11/08/2006

Pemberley (by Emma Tennant)

'Pemberly', a short novel by Emma Tennant, is supposedly a sequel to Jane Austen's 'Pride and Prejudice'. It begins a year after Elizabeth and Darcy have married, after the death of Mr Bennet, and opens well with a comment parodying Austen, suggesting that Elizabeth must produce an heir to Pemberley. This is then the theme of the book, which revolves around a Christmas gathering of both Elizabeth and Darcy's family and friends.

I felt that the author had got hold of the characters and their voices accurately.
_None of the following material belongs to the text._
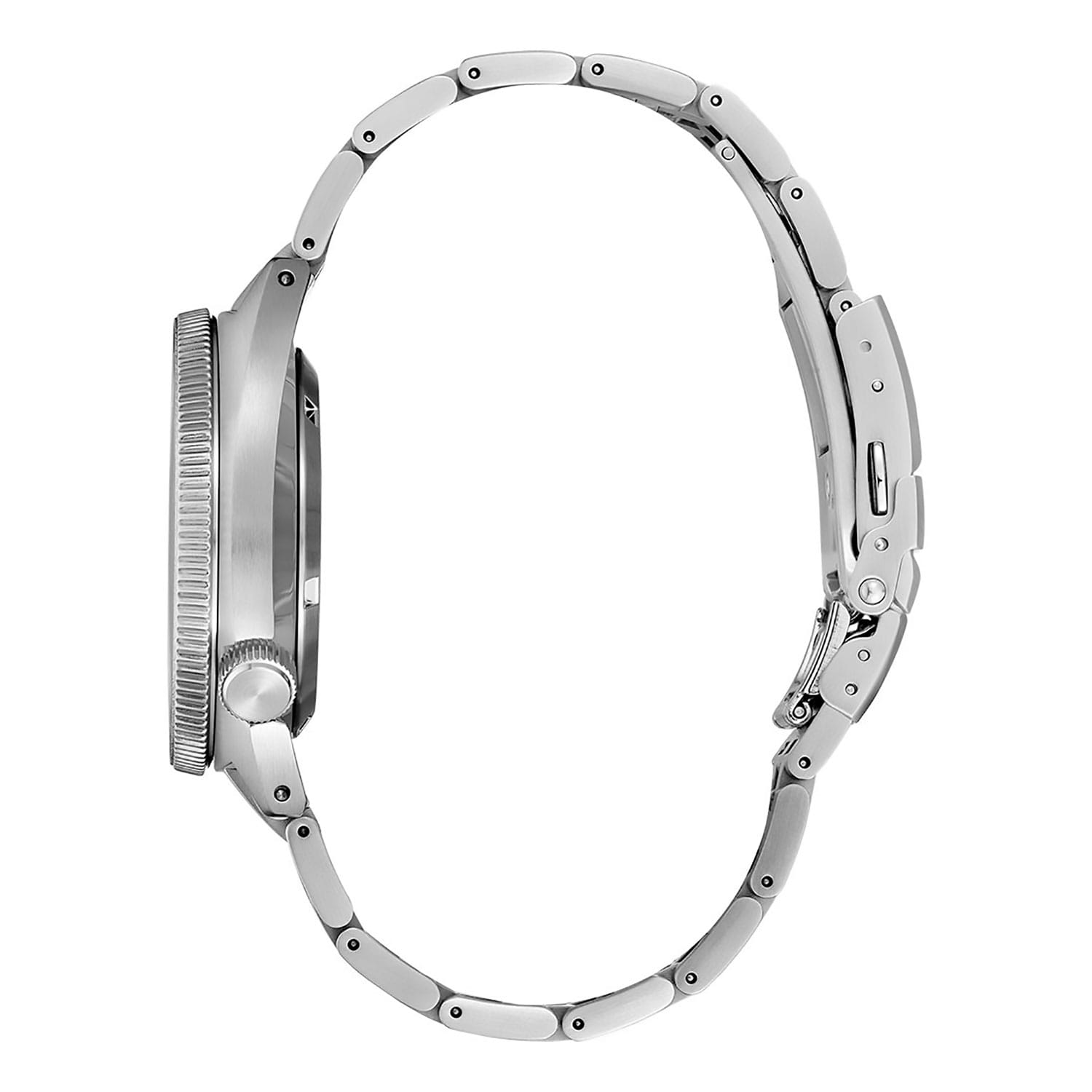 Мужские механические часы с автоподзаводом Seiko — это лимитированная модель, выпущенная тиражом всего 5000 экземпляров. Корпус размером 41×47 мм и толщиной 12 мм выполнен из нержавеющей стали. БезельБезельВнешний ободок, закрепляющий стекло. В спортивных часах так называется поворотное кольцо с делениями на циферблате, выполняет роль таймера – замеряет отрезки времени на шкале. Неподвижный безель – элемент декора. Однонаправленно вращающийся безель на дайверских часах позволяет фиксировать моменты погружения и выныривания на поверхность. из нержавеющей стали с PVD-покрытиемPVDУльтратонкое покрытие наносится в технике вакуумного напыления, сочетает в себе нитрид титана особой прочности со слоем золота или оксида хрома. Несёт в себе декоративную или защитную функцию.. Циферблат оформлен штрихами в качестве индексов. Окошко даты расположено в положении 4 часов. Стрелки и метки с люминесцентным покрытиемЛюминесцентное покрытиеПозволяет считывать показания времени в темноте. Производители наносят на стрелки, часовые индексы, безель или поверхность циферблата светонакопительный состав, дающий холодное свечение. LumiBrite, обеспечивающим хорошую читаемость в темноте. Циферблат защищён сапфировым стекломСапфировое стеклоПрочный и надёжный материал из кристалла сапфира синтетического происхождения, характеризующийся особой твёрдостью и устойчивостью к царапинам и повреждениям. с антибликовым покрытиемАнтибликовое покрытиеСлой оксида металла в 0,13-0,3 микрон, благодаря которому стекло часов не бликует и не отражает свет. Антибликовое покрытие уменьшает отражение света в 10 раз, обеспечивая отличную читаемость показателей циферблата.. Механизм — автоматический калибр 6R35 (24 камня, частота 21 600 полуколебаний в час) с возможностью ручного завода, функцией и запасом хода до 70 часов. Часы обладают защитой от магнитных полей до 4800 А/мУдаропрочный корпусМеханизм заключён в корпус, выполненный из современных материалов, устойчивых к ударам, механическим повреждениям и падению с высоты: инновационный пластик, карбон, нержавеющая сталь, титан.. Часы оснащены стальным браслетом с раскладной застёжкойРаскладная застёжкаТакой тип застёжки используется только на браслетах из металла. Она никогда не раскрывается полностью, происходит разделение на 2 и более частей. Раскладывающая застёжка снизит вероятность потери часов к минимуму.. Водонепроницаемость 200 м позволяет использовать часы для плавания и дайвинга. Идеальный выбор для тех, кто ценит точность, надёжность и ограниченный выпуск.

We recently watched the BBC version of 'Pride and Prejudice', and I could 'hear' the relevant actors in Tennant's lines fairly clearly. The plot, too, was plausible: frequent misunderstandings between Darcy and Elizabeth based on his pride - albeit abated - and her tendency to leap to conclusions, trusting everything she hears.

On the other hand, contrary to the blurb on the back cover, I didn't feel the author had really got hold of Austen's style of writing at all. It felt too 20th century, with far too much of the characters' thoughts being described, and hardly any of the delicious irony that permeates 'Pride and Prejudice'. Nor was I very impressed with the two new characters introduced: an elderly and blubbery relative of Mrs Bennett's, and a young and pompous relative of Darcy's. As for the timeline, it was completely wrong: Elizabeth has been married for a year, yet her sister Jane has a child who must be at least two or three years old, and another on the way - and Lydia, who was only married a few months before Jane, somehow has four children!

Moreover, the plot seemed to ramble - not in the long-winded and amusing style that Austen uses, but with Elizabeth's thoughts and decisions changing constantly depending on her mood and who she happens to have spoken to most recently. Her reluctance to speak to Darcy about things that bothered her seem at variance with the great love she also shows, and the way he omits to tell her almost anything of importance (while communicating with his housekeeper, sister, and friend's sister) seems entirely unbelievable.

Moreover, I was uncomfortable that Mrs Bennett seemed even more vulgar than before. Not just in her snobbery and lack of sensible thought: in this book she is sometimes vulgar in the modern sense of the word, with some incidents being included for no apparent reason other than to show her in a poor light.

The the ending was rushed, with the predictable conclusion being described rapidly, without any particular hints or events leading up to it.

OK as a light read, as one possibility of what happened 'after' Pride and Prejudice, but not brilliant.